When asked about woodpeckers most respondents identify a small black and white bird with a touch of red on its crown as a Red-headed Woodpecker. The problem is that the smaller woodpecker could be a Downy or a Hairy Woodpecker and the Red-headed Woodpecker is probably a Red-bellied Woodpecker. Some have seen the unforgettable Pileated Woodpecker, but they aren’t a common visitor to backyard feeders.
The Hairy Woodpecker is slightly larger than the Downy, but since size is relative it usually isn’t the determining characteristic. Instead look to the bill – the Hairy Woodpecker has a solid woodpecker profile while the Downy Woodpecker’s profile is much more delicate.
An interesting fact from the Cornell Lab of Ornithology, “Male and female Downy Woodpeckers divide up where they look for food in winter. Males feed more on small branches and weed stems, and females feed on larger branches and trunks. Males keep females from foraging in the more productive spots. When researchers have removed males from a woodlot, females have responded by feeding along smaller branches”.
The Red-headed Woodpecker is a stunning bird that is primarily black and sports a magnificent solid red head and neck. While it is a year-round resident of the Gulf Coast, it is relatively rare in backyard gardens.
The Red-bellied Woodpecker has a red crown and nape, but the eyes, cheeks and throat are the same off-white as the belly.

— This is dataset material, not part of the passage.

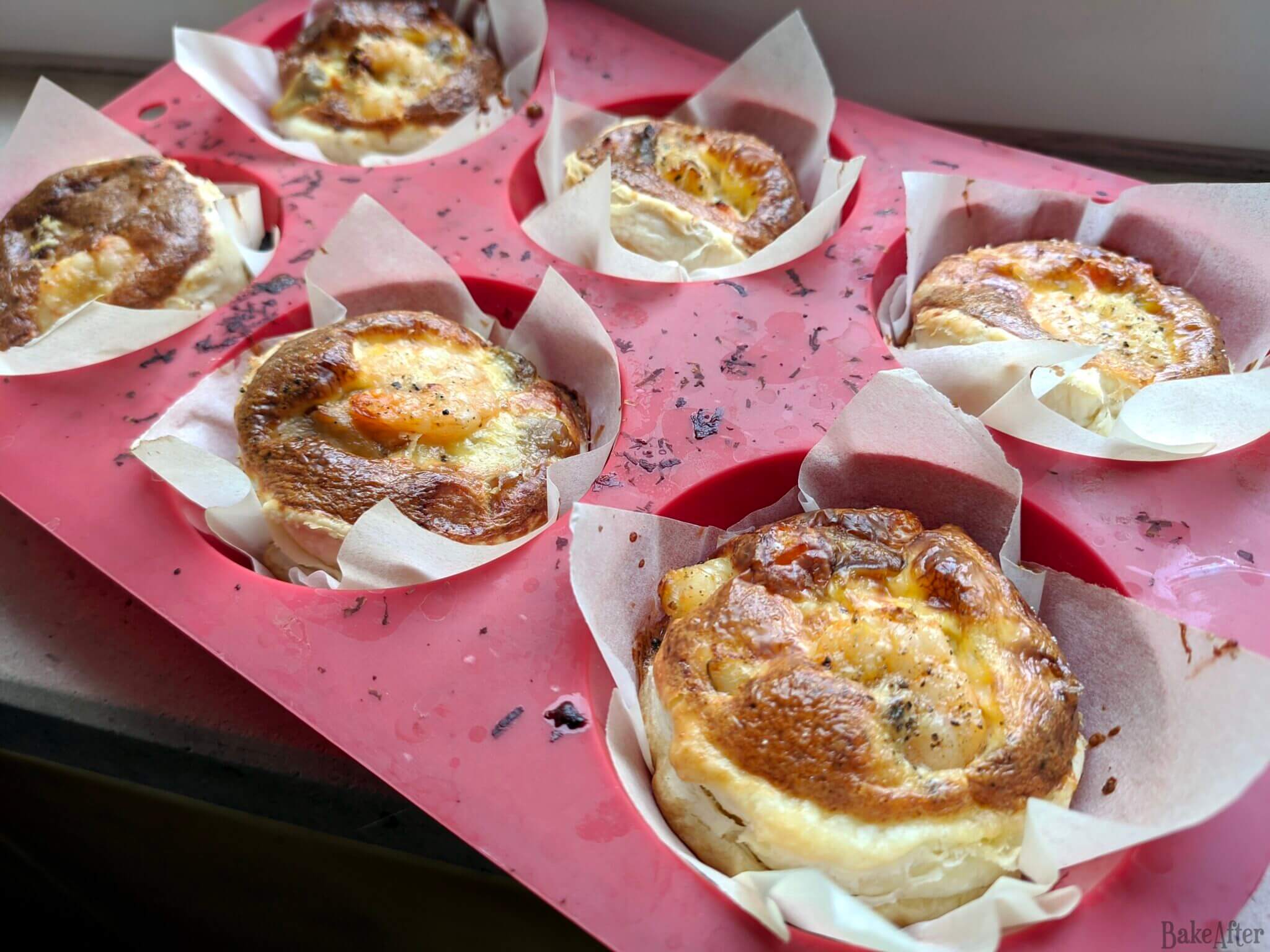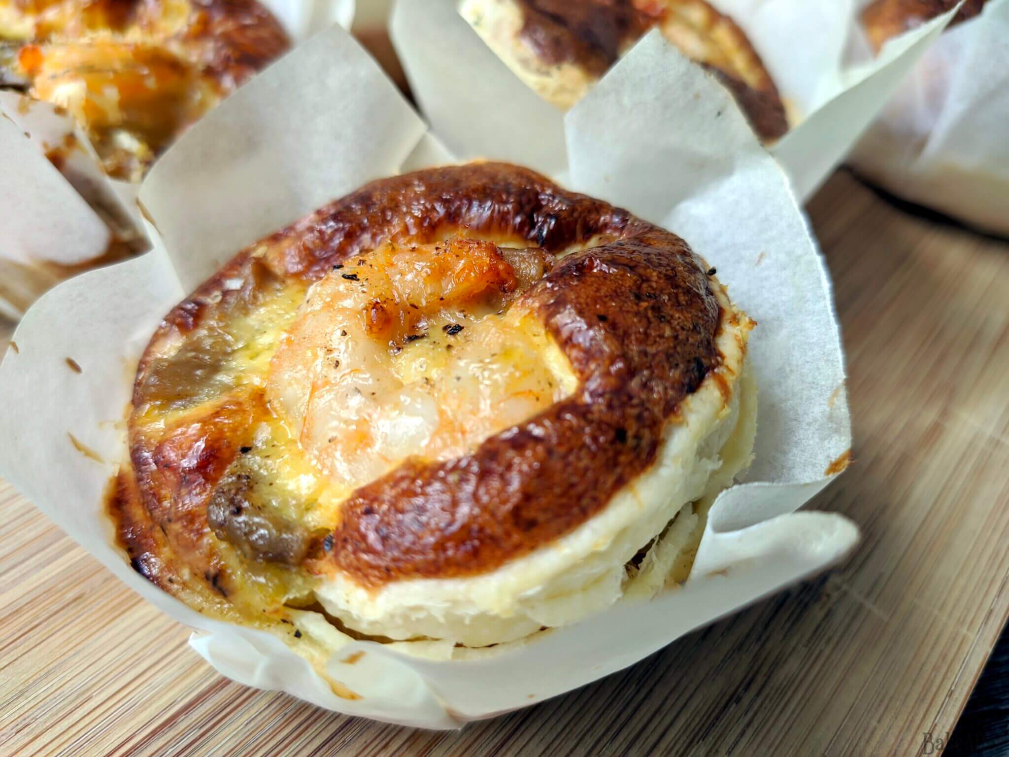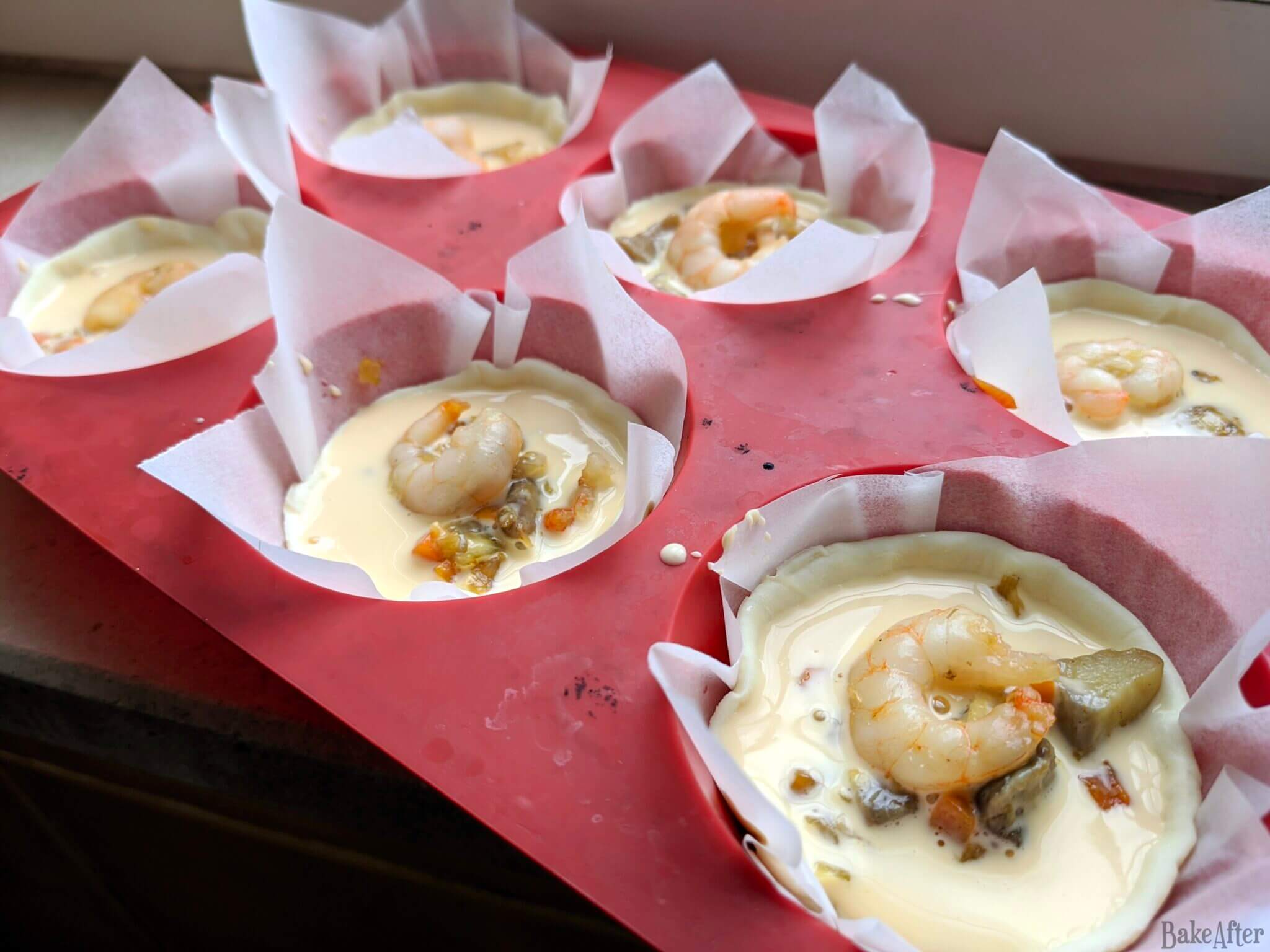 Notes: The flavor overall turned out good but as you know shrimp has little flavor, so you can always increase the spices or add more cheese or add some sauce to make these quiches a bit more decadent ;D

The back is covered in a pattern of black and white called “ladder-back”. Red-bellied woodpeckers can often be seen doing crazy contortions trying to snag a peanut or seed from feeders built for perching birds.
Woodpeckers physically look similar and possess many of the same adaptations necessary for pounding your head against the trunk of a tree (learn more about these adaptations in an article about Pileated Woodpeckers http://wildlifecenteroftexas.org/2011/05/pileated-woodpecker-new-video/ ). The American woodpecker family includes over a dozen woodpeckers (many have very localized habitats) and a handful each of flickers and sapsuckers. The primary differentiation into the sub-groups is the feeding behavior.
In general, Woodpeckers feed primarily on insects found on or in trees. But they are not above snagging a peanut left for the squirrels. The smaller species like the Downy and Hairy Woodpeckers forage along branches and tall weeds. A great deal can be learned from examining the bill. Woodpeckers that excavate large cavities for nests or food will have substantial bills that resemble the jackhammers that they are. The smaller species that graze insects from along the bark of trees or the galls where insects have laid eggs have much more delicate bills. Woodpeckers that specialize in crevices have very long tongues that have bristles concentrated at the tip.
Flickers also feed primarily on insects, but they can often be found near or on the ground because they specialize in ants and beetles. They have delicate bills that reflect their feeding habits. Unlike other woodpeckers, the flicker is most often seen perching like other birds instead on hanging on the side of a tree or limb balanced against their tail. In the greater Gulf Coast, they are year-round residents, but along the Texas coast, they are more often seen in the winter.
Sapsuckers (what a funny name!) are really what the name implies. They drill dozens of small holes that allow the tree’s sap to ooze. They feed on this sap and on the insects that are attracted to it. The bill of a sapsucker isn’t as long as a woodpecker’s, but instead looks like a bottlebrush. Capillary action sucks the sap into the bristles for consumption. Sapsuckers are usually very methodical about drilling their holes and the characteristic ringed pattern is easy to spot. Sapsuckers are only seen in the greater Gulf Coast area during the winter months.
If you wish these birds to visit your backyard, woodpeckers, flickers and sapsuckers enjoy berries and can be lured with seed mixes that include peanuts, peanut butter and seed mix/peanut butter mixture smeared into a hanging pine cone or suet holder. They also enjoy various kinds of suet.
This is a juvenile Red-headed Woodpecker that came to the Wildlife Center as a hatchling and now is old enough for release. A couple of things to note, the head is beginning to turn to its characteristic red and each tail feather ends in a point instead of rounded like other birds. The “spikes” at the end of each tail feather are a continuation of the feather shaft itself. This tail adaptation is very important to how the woodpecker balances itself when clinging to the side of a tree and for leverage while hammering.